Copy the lines running from the one that contains "優雅さと壮麗さがこの祝典を彩ります。IASのメンバーたちが、Scientologyの創始者L. ロン ハバード" to the end of the entries below, exactly and with no pictures.

(Stored items)

====

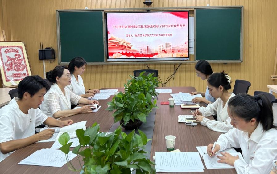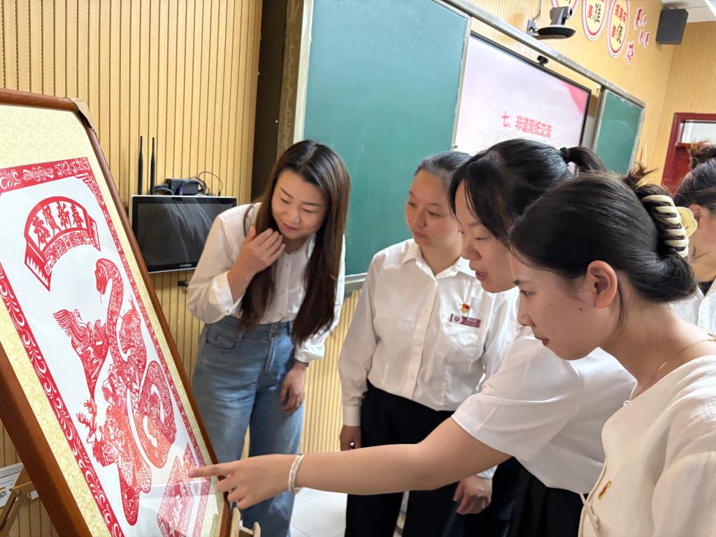 理论学习环节,党支部委员带领全体党员学习《中国共产党章程》第七章“党的纪律”,并结合典型案例强化纪律意识。随后,党员教师围绕“如何将红色文化融入艺术教育”展开讨论。美术教研室教师董家佑表示:“非遗剪纸不仅是技艺传承,更是红色精神的载体,我们要在教学中引导学生厚植家国情怀。”
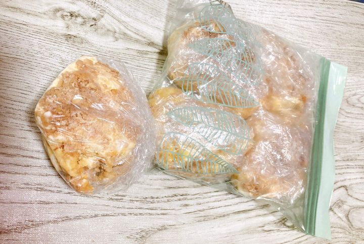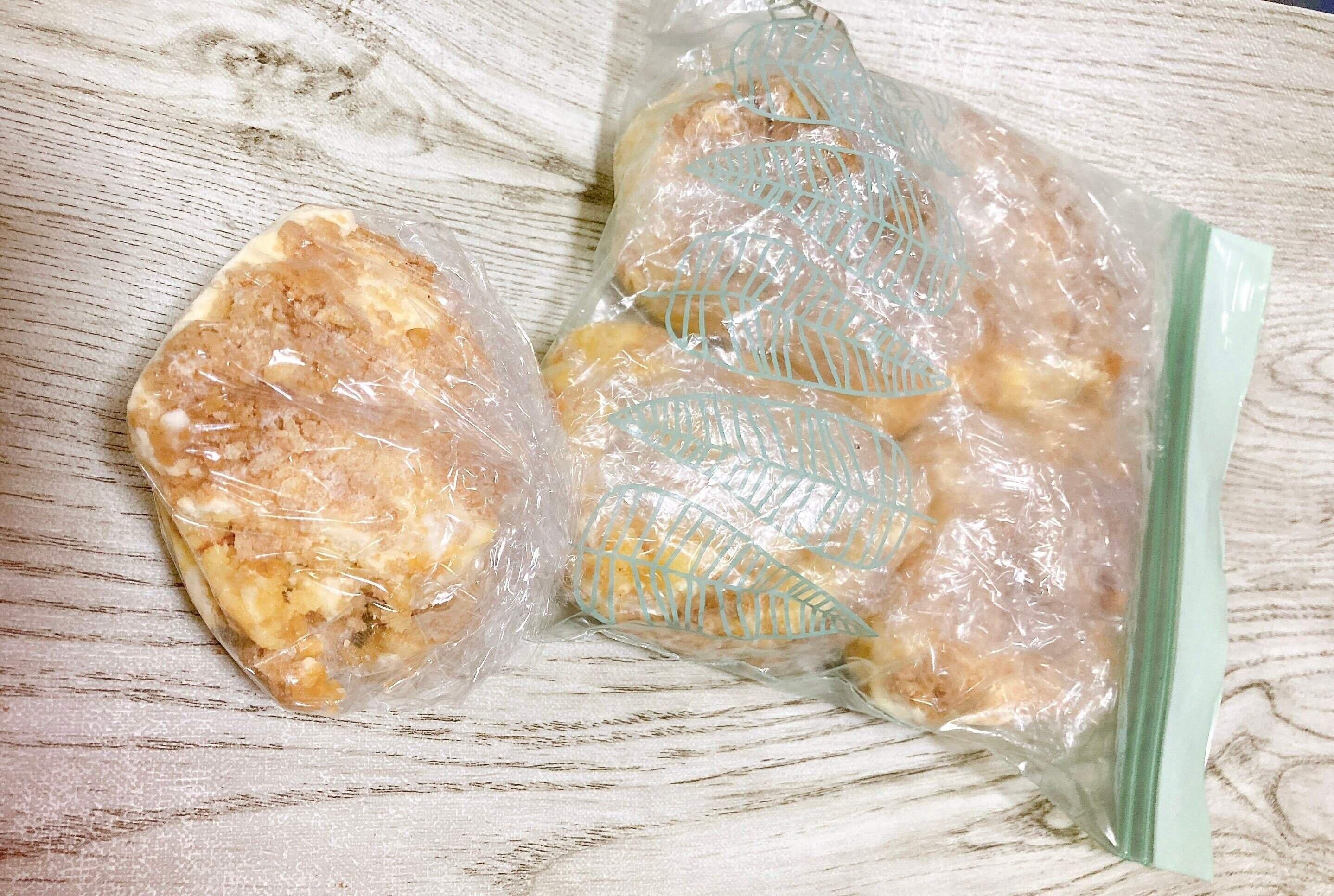 食べたい大きさにカットし、ラップして冷凍保存袋に入れ冷凍庫へ。
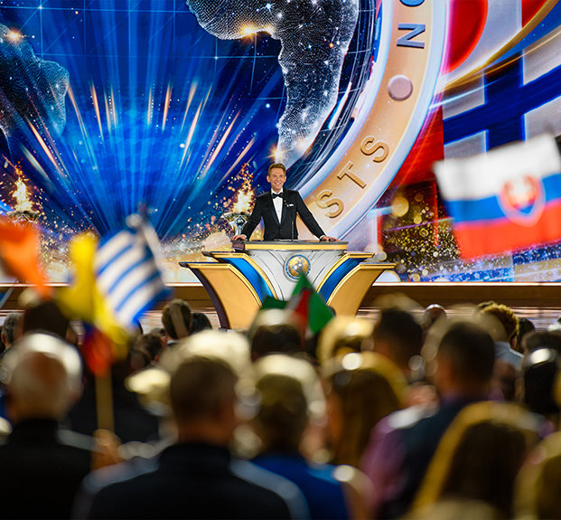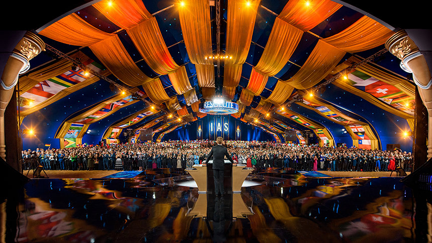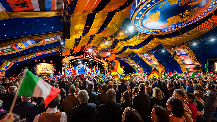 優雅さと壮麗さがこの祝典を彩ります。IASのメンバーたちが、Scientologyの創始者L. ロン ハバード の歴史的なウェスト・サセックスの邸宅、セントヒルに、6大陸から集結します。 群衆はレッド・カーペットの上を滑るように進み、世界中のフラッグが高く掲げられ、心が躍る中、ステージに目を向けながら、歓喜に満ちた期待を胸にグランド・マーキーに入ります。
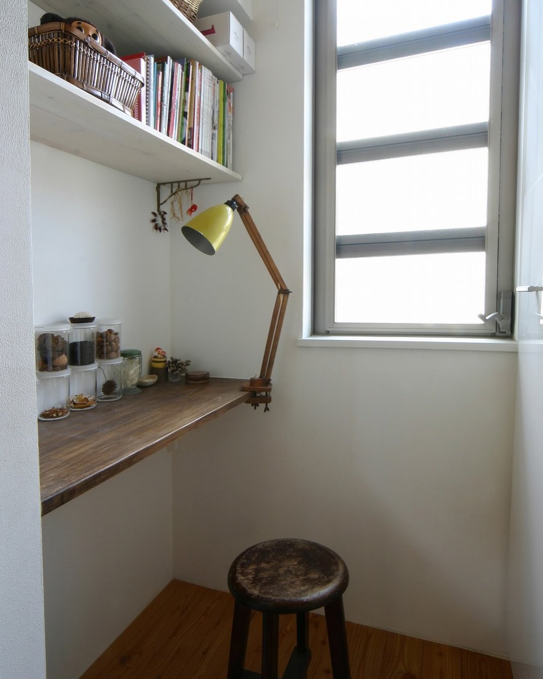 キッチンの奥にある家事コーナー。適度にプライバシーの守られた落ち着いた空間となっている。
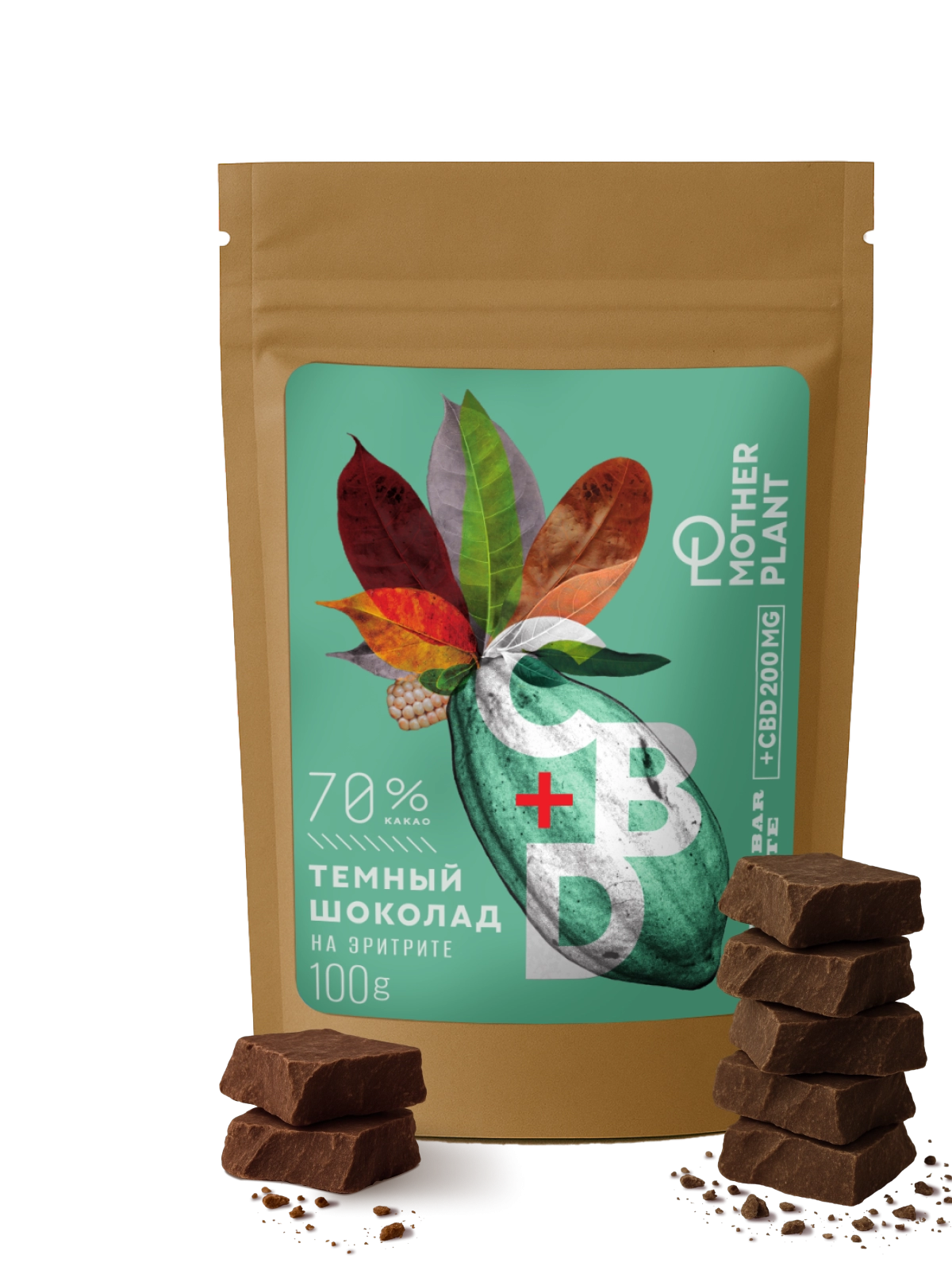 Тёмный шоколад на эритрите (70% какао, 100мг CBD), MotherPlant, Вес 50гр. MotherPlant
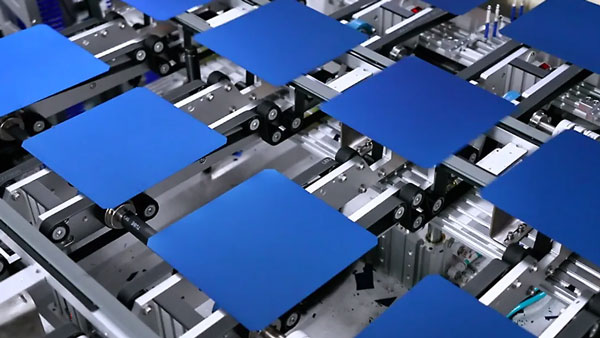 記者走進通威太陽能金堂基地的電池片生產車間,一種科技感撲面而來。這個無塵車間的面積有11個足球場大,10道工序被切割成模塊化的生產環節,每道工序的機器手臂都集中在一個類似火車車廂的倉里,連接倉與倉的是一組組智能機器小車。當上一個倉的加工工序完成,會給小車發出指令,它將自動前往出料口,取上物料再送到下一個倉進行加工。
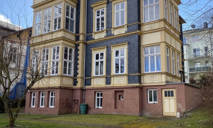 Vacation apartment "Villa am Kurpark" - Maisonette is located in Friedrichroda. Vacation apartment "Villa am Kurpark" - Maisonette provides accommodation, featuring TV, Balcony/Terrace, Wellness Facilities, among other amenities. This Apartment features TV, Balcony/Terrace, Wellness Facilities, to make your stay a comfortable one.

====

Answer to the problem ▸
 優雅さと壮麗さがこの祝典を彩ります。IASのメンバーたちが、Scientologyの創始者L. ロン ハバード の歴史的なウェスト・サセックスの邸宅、セントヒルに、6大陸から集結します。 群衆はレッド・カーペットの上を滑るように進み、世界中のフラッグが高く掲げられ、心が躍る中、ステージに目を向けながら、歓喜に満ちた期待を胸にグランド・マーキーに入ります。
 キッチンの奥にある家事コーナー。適度にプライバシーの守られた落ち着いた空間となっている。
 Тёмный шоколад на эритрите (70% какао, 100мг CBD), MotherPlant, Вес 50гр. MotherPlant
 記者走進通威太陽能金堂基地的電池片生產車間,一種科技感撲面而來。這個無塵車間的面積有11個足球場大,10道工序被切割成模塊化的生產環節,每道工序的機器手臂都集中在一個類似火車車廂的倉里,連接倉與倉的是一組組智能機器小車。當上一個倉的加工工序完成,會給小車發出指令,它將自動前往出料口,取上物料再送到下一個倉進行加工。
 Vacation apartment "Villa am Kurpark" - Maisonette is located in Friedrichroda. Vacation apartment "Villa am Kurpark" - Maisonette provides accommodation, featuring TV, Balcony/Terrace, Wellness Facilities, among other amenities. This Apartment features TV, Balcony/Terrace, Wellness Facilities, to make your stay a comfortable one.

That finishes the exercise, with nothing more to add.